* PROBLEM REQUIREMENTS *
Retype the listing exactly; omit pictures.

··· COLLECTED DATA

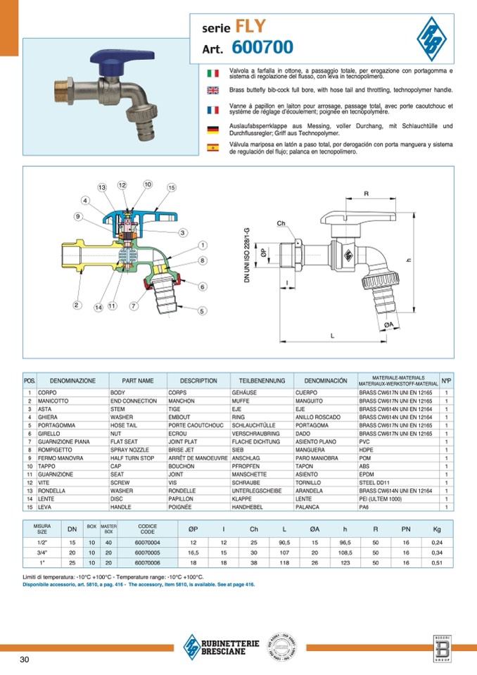 Limiti di temperatura: -10°C +100°C - Temperature range: -10°C +100°C
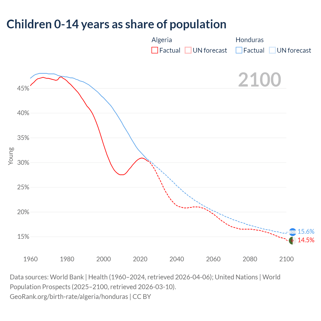 According to the latest available data on birth rates, the fertility rate in Algeria was 2.77 children per woman in 2023, compared to 2.5 in Honduras in 2023. The replacement level is considered to be 2.1 children per woman.
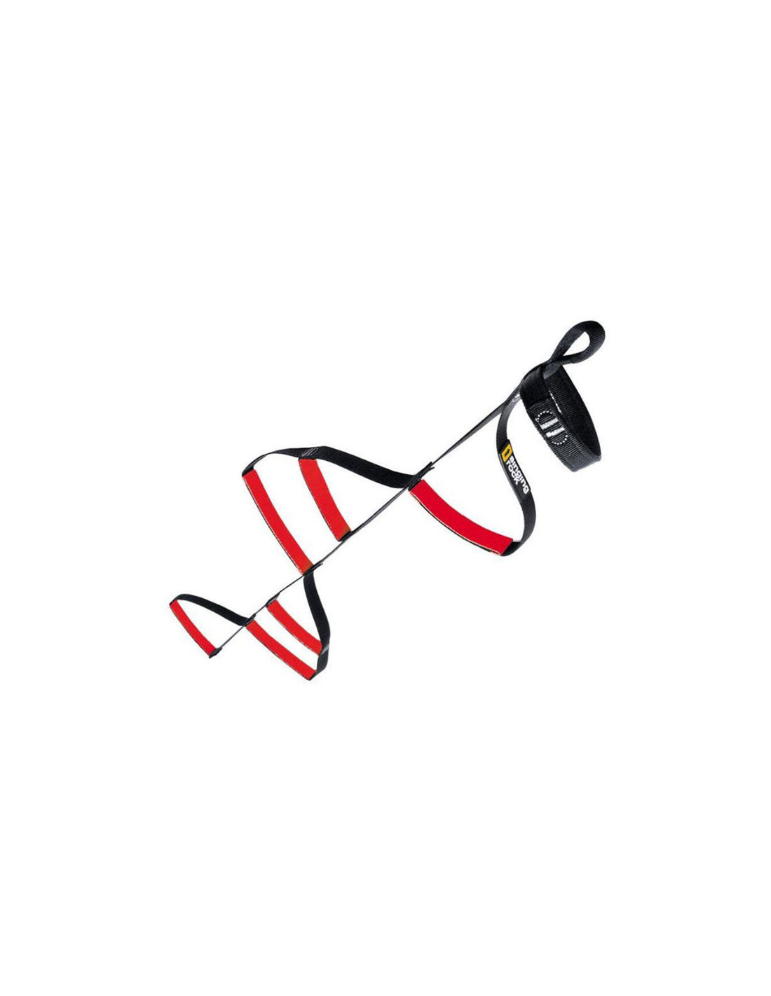 Askelmien pohjassa on punainen merkintä helpottamaan katselua. Siinä on yläkahvasilmukka ja toinen erityinen silmukka, jolla se voidaan yhdistää toiseen jalustimeen.

······

* WRITTEN RESPONSE *
 Limiti di temperatura: -10°C +100°C - Temperature range: -10°C +100°C
 According to the latest available data on birth rates, the fertility rate in Algeria was 2.77 children per woman in 2023, compared to 2.5 in Honduras in 2023. The replacement level is considered to be 2.1 children per woman.
 Askelmien pohjassa on punainen merkintä helpottamaan katselua. Siinä on yläkahvasilmukka ja toinen erityinen silmukka, jolla se voidaan yhdistää toiseen jalustimeen.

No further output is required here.